内側型変形性膝関節症(内側の関節だけ傷んでいるもの)で比較的活動性が高く、病状のそれほど進行していない変形性膝関節症のかたが適応となります。活動性が高ければ、年齢制限はありません
脛の骨を切りO脚を矯正し、O脚変形のため膝の内側に偏った荷重ストレスを、きれいな軟骨の存在する外側へ移動させる手術です。脚の形はO脚から軽度X脚に変わります。
人工関節置換術と違い、自分の関節が温存されますので、患者さんの満足度は高く、術後も正坐が可能であったり、スポーツや農業などの仕事へ復帰された方も多くいます。
一方で、骨が癒合するまで痛みが多少続くこと、機能回復にはリハビリをしっかり行うことが必要です。最近は、中高年のスポーツ愛好家人口の増加とともに、高位脛骨骨切り術を受けられる方が増えています。

大腿骨遠位骨切り術

日本人の大部分は内側型変形性膝関節症(O脚変形)ですが、外側半月板切除後などに外側型変形性膝関節症(外側の関節だけ傷んでいるもの:X脚変形)を生じることがあります。
高齢であれば人工関節置換術となりますが、40から60歳代で活動性が高ければ、このようなX脚変形に対して大腿骨遠位骨切り術を行っております。
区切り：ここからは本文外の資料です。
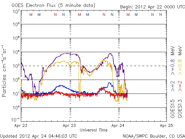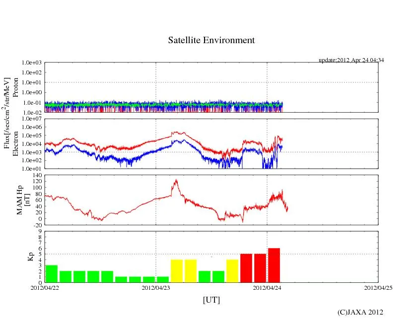 ※JAXAのETS8 MAMリアルタイム観測データのチャートは1目盛り=6時間なので、かなり見づらいです。時間の誤差に注意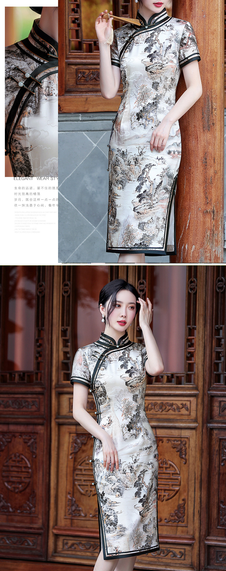 时尚修身复古,桑蚕丝真丝旗袍TY-JYJ-110

高位脛骨骨切り術と同様、自分の関節が温存されるため、患者さんの満足度は高く、術後の活動性に制限はありません

高度内反変形に対する膝骨切り術

内側型変形性膝関節症(内側の関節だけ傷んでいるもの)でO脚の程度がひどく、大腿骨と脛骨の両方にO脚の原因がある場合、大腿骨・脛骨両方で骨切りをしてO脚を矯正します。
40から60歳代で活動性が高い方が適応となります。
大腿骨、脛骨両方にO脚の原因がある場合、高位脛骨骨切り術を行うと術後、膝関節面が傾き非生理学的な膝関節となるため、術後の関節面の傾きを保つため両方での骨切り術が必要となります。
高位脛骨骨切り術同様、自分の関節が温存されるため、術後の活動性に制限はなくスポーツや農業などの仕事へ復帰された方も多くいます。一方で、高位脛骨骨切り術よりも後療法に時間を要し、骨癒合が得られるまでは痛みが多少続くこと、機能回復にはリハビリをしっかり行うことが必要です。